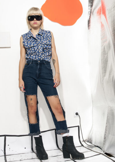 Reworked Wrangler jeans 90s vintage grunge cut-out denim
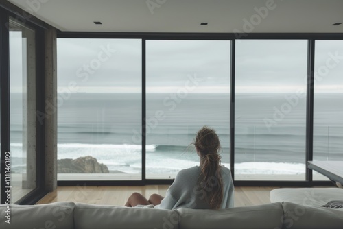 Woman Sitting on Couch Looking Out at Ocean View Through Large Windows
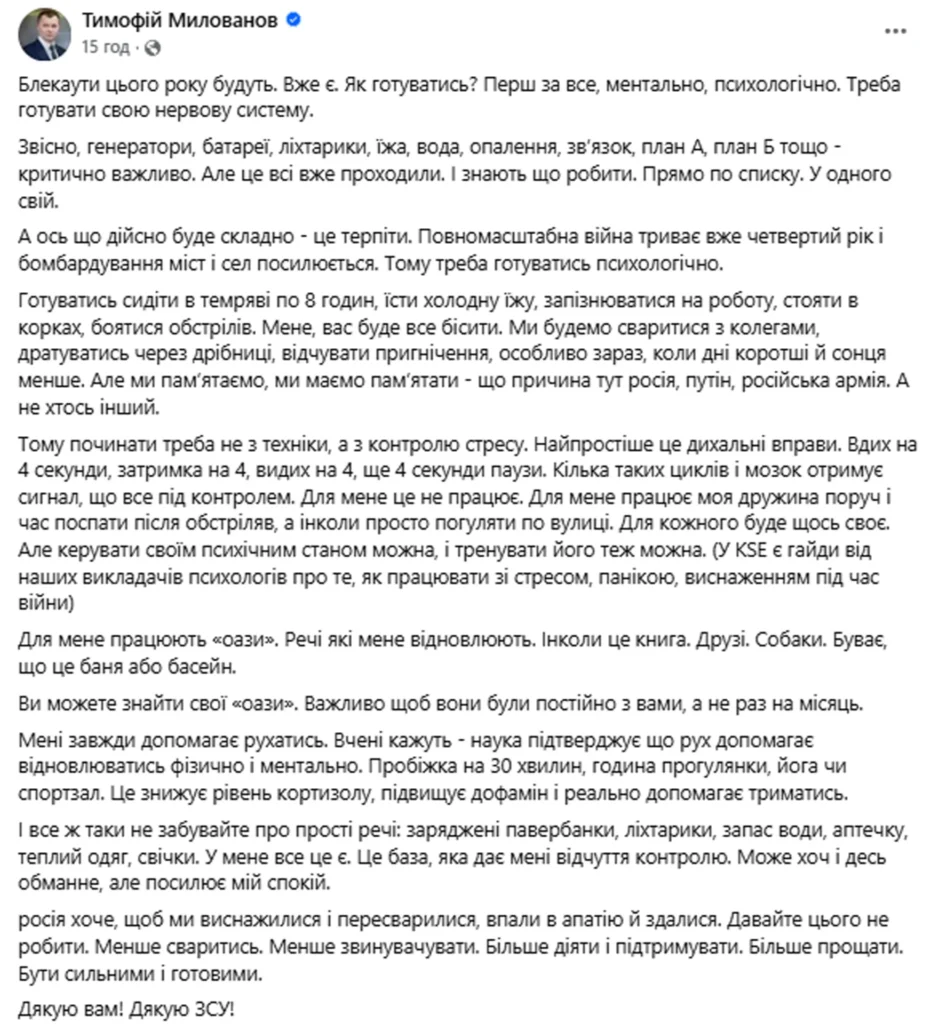 На своїй сторінці у Facebook Милованов заявив, що відключення світла цього року в Україні «будуть і вже є». Він закликав громадян готуватися до цього, наголосивши, що починати слід не з технічних засобів, а з психологічної підготовки.

→ **TASK ITEM**
Reproduce each line above exactly, but not a single picture.

→ **WRITTEN RESPONSE**
 Reworked Wrangler jeans 90s vintage grunge cut-out denim
 Woman Sitting on Couch Looking Out at Ocean View Through Large Windows
 На своїй сторінці у Facebook Милованов заявив, що відключення світла цього року в Україні «будуть і вже є». Він закликав громадян готуватися до цього, наголосивши, що починати слід не з технічних засобів, а з психологічної підготовки.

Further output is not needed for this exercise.